Activity. Reproduce the records below exactly, but leave their pictures out of the copy.

---

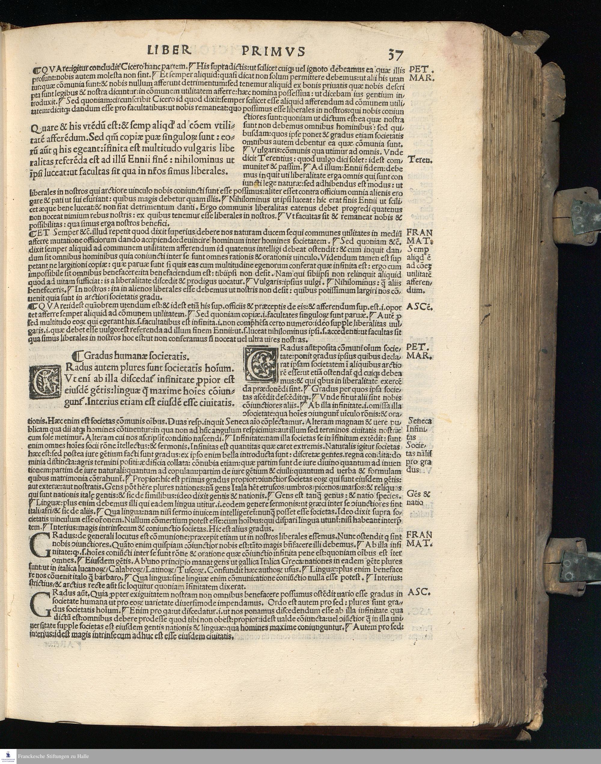TVLLIVS DE || Officijs: de amicitia: de senectute: nec || non Paradoxa eiusdem: opus Bene||dicti Brugnoli studio emaculatum || additis graecis quae deerant || cum Interpraetatione super || officijs Petri Marsi Francisci Matu||rantij necnon Jodoci Badij Ascensij. || In amicitia vero Omni || boni eiusdemq[ue] || Ascensij: Martini Phi=||letici [et] Ascensij in Senectute. Adiun=||ctis praeterea com[m]entarijs eiusdem || Francisci: Omniboni: Ascensijq[ue] || in vltimum paradoxon || Quod latinorum nullius ad haec vsq[ue] || te[m]pora ausus est enucleare. ... || Cum Gratia [et] Priuilegio.
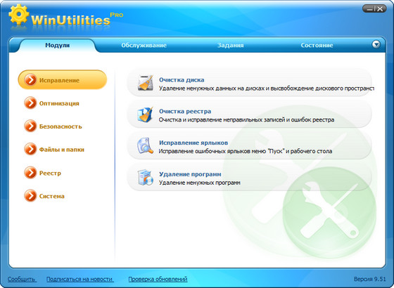 WinUtilities - набор для настройки вашей системы, содержащий более 20 инструментов для увеличения и настройки производительности вашего компьютера. Программа предлагает привлекательный и легкий в использовании интерфейс, который организует все задачи по категориям и предоставляет графическую статистику там, где это возможно.
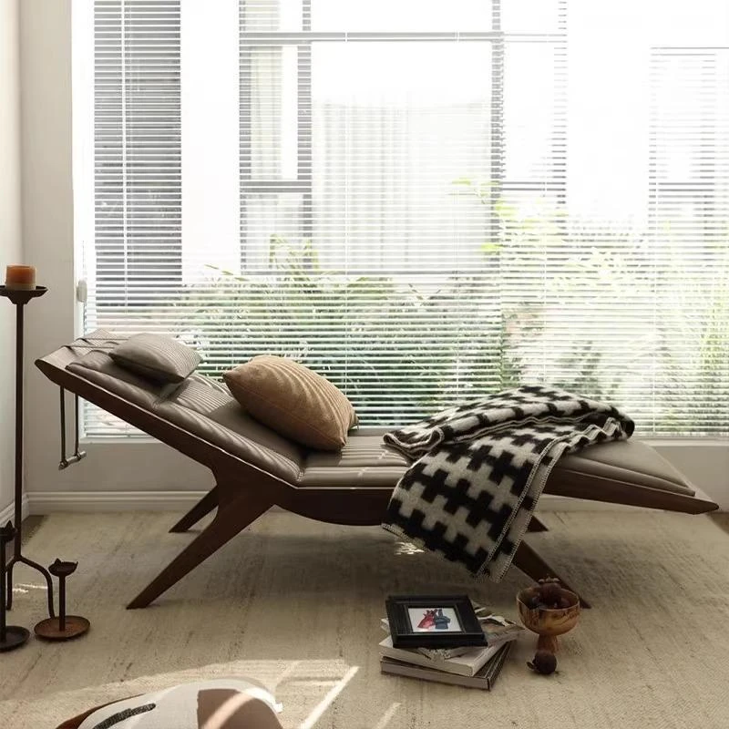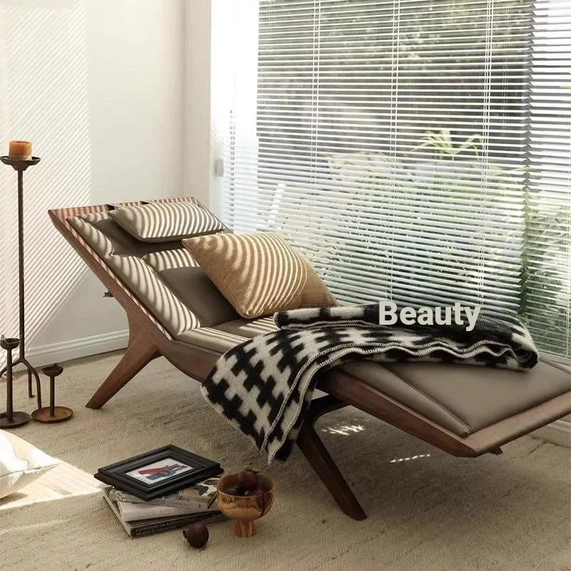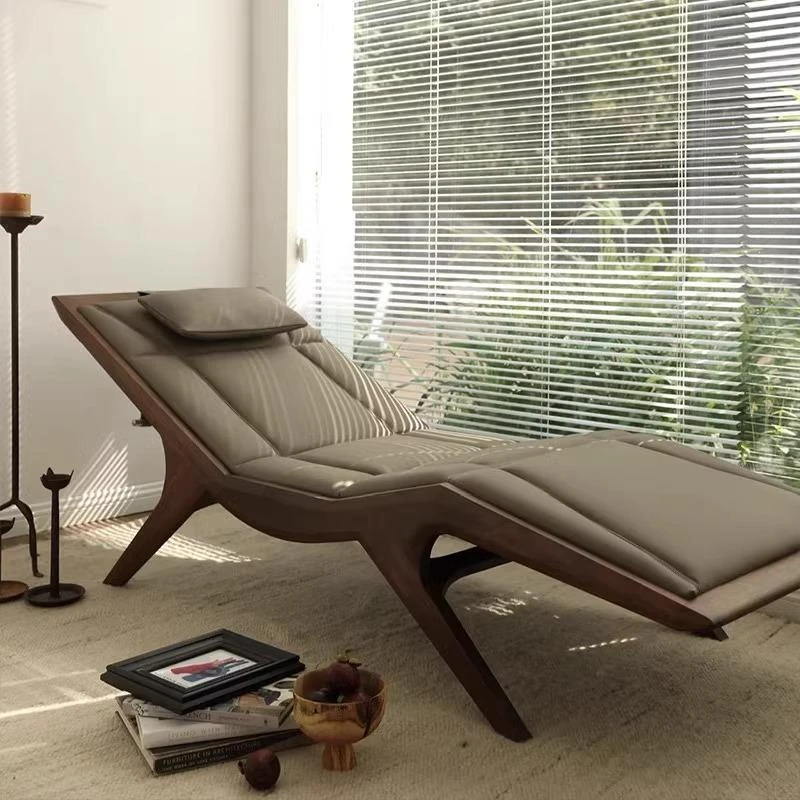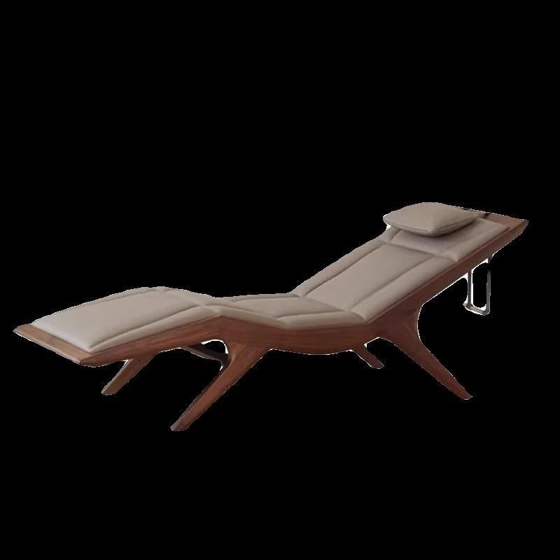 Elegant New Chinese Zen-style Walnut and Ash Wood Recliner - Solid Wood Lounge Chair for Hotels, B&Bs, and Offices - Chic Beauty Chaise Lounge
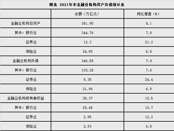 据官方披露的数据,2021年末,我国金融业机构总资产为381.95万亿元,同比增长8.1%。金融业机构总资产、负债和所有者权益是银行业、证券业和保险业机构相应指标的汇总数,不包括小贷公司。
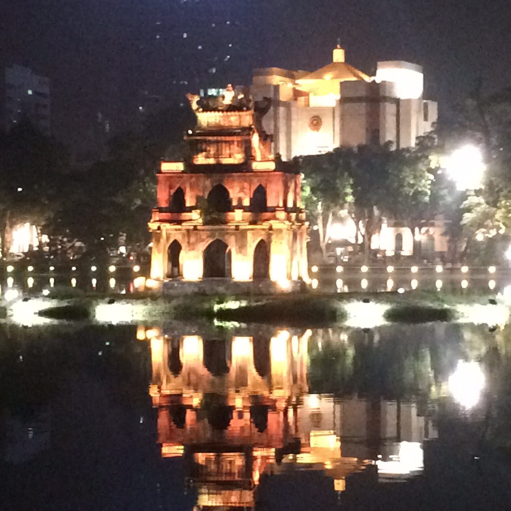 We stay in a hotel close to Lake Hoan Kiem, which translates as ‘Lake of the Restored Sword’ or ‘Lake of the Returned Sword’, in the historical centre of Hanoi. According to the legend, Emperor Le Loi had been given a magical sword by the Golden Turtle God (Kim Qui) to smite the Chinese Ming Dynasty. After fending off the the invaders, the emperor was boating on Hoan Kiem Lake when a giant turtle rose up and took the sword from him and disappeared into the depths, never to be found again. The legend says that the Golden Turtle God reclaimed the magical sword (source: havecamerawilltravel dot com).

---

Solution to this exercise.
TVLLIVS DE || Officijs: de amicitia: de senectute: nec || non Paradoxa eiusdem: opus Bene||dicti Brugnoli studio emaculatum || additis graecis quae deerant || cum Interpraetatione super || officijs Petri Marsi Francisci Matu||rantij necnon Jodoci Badij Ascensij. || In amicitia vero Omni || boni eiusdemq[ue] || Ascensij: Martini Phi=||letici [et] Ascensij in Senectute. Adiun=||ctis praeterea com[m]entarijs eiusdem || Francisci: Omniboni: Ascensijq[ue] || in vltimum paradoxon || Quod latinorum nullius ad haec vsq[ue] || te[m]pora ausus est enucleare. ... || Cum Gratia [et] Priuilegio.
 WinUtilities - набор для настройки вашей системы, содержащий более 20 инструментов для увеличения и настройки производительности вашего компьютера. Программа предлагает привлекательный и легкий в использовании интерфейс, который организует все задачи по категориям и предоставляет графическую статистику там, где это возможно.
 Elegant New Chinese Zen-style Walnut and Ash Wood Recliner - Solid Wood Lounge Chair for Hotels, B&Bs, and Offices - Chic Beauty Chaise Lounge
 据官方披露的数据,2021年末,我国金融业机构总资产为381.95万亿元,同比增长8.1%。金融业机构总资产、负债和所有者权益是银行业、证券业和保险业机构相应指标的汇总数,不包括小贷公司。
 We stay in a hotel close to Lake Hoan Kiem, which translates as ‘Lake of the Restored Sword’ or ‘Lake of the Returned Sword’, in the historical centre of Hanoi. According to the legend, Emperor Le Loi had been given a magical sword by the Golden Turtle God (Kim Qui) to smite the Chinese Ming Dynasty. After fending off the the invaders, the emperor was boating on Hoan Kiem Lake when a giant turtle rose up and took the sword from him and disappeared into the depths, never to be found again. The legend says that the Golden Turtle God reclaimed the magical sword (source: havecamerawilltravel dot com).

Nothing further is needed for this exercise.